República Dominicana necesita más que estadios: también forjar ídolos deportivos

A pocos meses de los Juegos Centroamericanos y del Caribe, el foco en el país está puesto en las instalaciones deportivas: si estarán listas, cuánto costaron y la imagen que proyectarán. Sin embargo, una pregunta clave queda sin respuesta: ¿quiénes son los atletas que defenderán la bandera dominicana?

La mayoría de los dominicanos no reconoce el rostro de muchos de los deportistas que han entrenado años para representar al país. Se sabe cuánto costó un estadio, pero se desconoce quién es la joven que buscará una medalla en atletismo o el muchacho que competirá en judo, natación, esgrima o levantamiento de pesas. Y eso, según la columnista Abril Peña, es un problema.

Más que medallas: construir referentes sociales

Las grandes competencias no solo sirven para ganar medallas, sino también para crear modelos a seguir. Cada atleta puede convertirse en un ejemplo de disciplina, perseverancia y superación para miles de niños y adolescentes que buscan referentes en una sociedad que a menudo premia la polémica, la superficialidad o la fama sin esfuerzo.

Cuando un niño conoce la historia de un campeón, entiende que el éxito también puede llegar madrugando para entrenar, renunciando a comodidades y trabajando durante años por un sueño. Por eso, la inversión no debe terminar cuando se inaugura una instalación deportiva. También se debe invertir en hacer visibles a los atletas.

Visibilidad para inspirar

No se trata de convertirlos en celebridades vacías, sino en referentes. Que sus nombres sean conocidos, que sus historias inspiren.

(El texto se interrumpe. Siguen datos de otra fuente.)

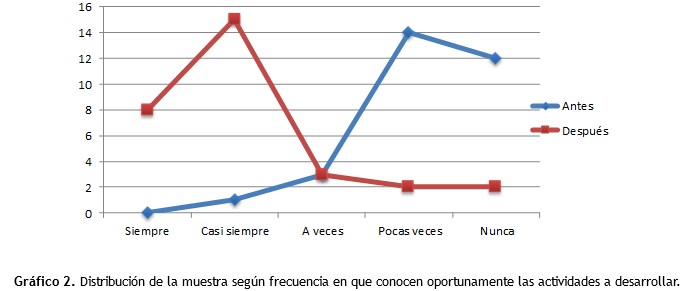 Gráfico 2. Distribución de la muestra según frecuencia en que conocen oportunamente las actividades a desarrollar.
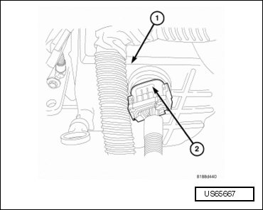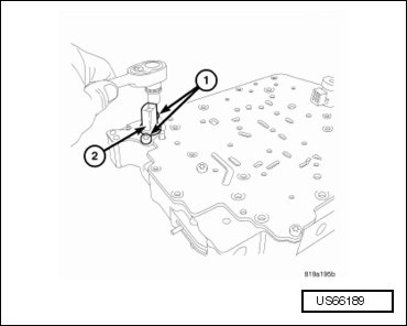 - Disconnect the solenoid pack electrical connector (2) at the valve body oil pan (1).

Que aparezcan en campañas públicas, en escuelas, en medios de comunicación y en las vallas que hoy están reservadas para artistas, políticos o figuras del entretenimiento.

Porque cuando una sociedad decide quién ocupa sus espacios de mayor visibilidad, también está decidiendo qué valores quiere promover. Imaginen el impacto de que un niño vea cada mañana el rostro de una campeona dominicana camino a la escuela, que conozca su historia, que descubra que proviene de un barrio parecido al suyo y que, gracias al deporte, pudo representar a todo un país. Ese mensaje vale mucho más que cualquier discurso.

Los Juegos Centroamericanos y del Caribe pueden dejar un legado físico en forma de modernas instalaciones deportivas. Pero el legado más importante sería otro: que al terminar la competencia, toda la República Dominicana conozca a sus atletas, celebre sus historias y los convierta en los nuevos rostros de una generación que necesita creer que el éxito también se alcanza con disciplina, esfuerzo y trabajo. Porque los estadios se construyen una sola vez, los héroes deportivos pueden inspirar durante generaciones.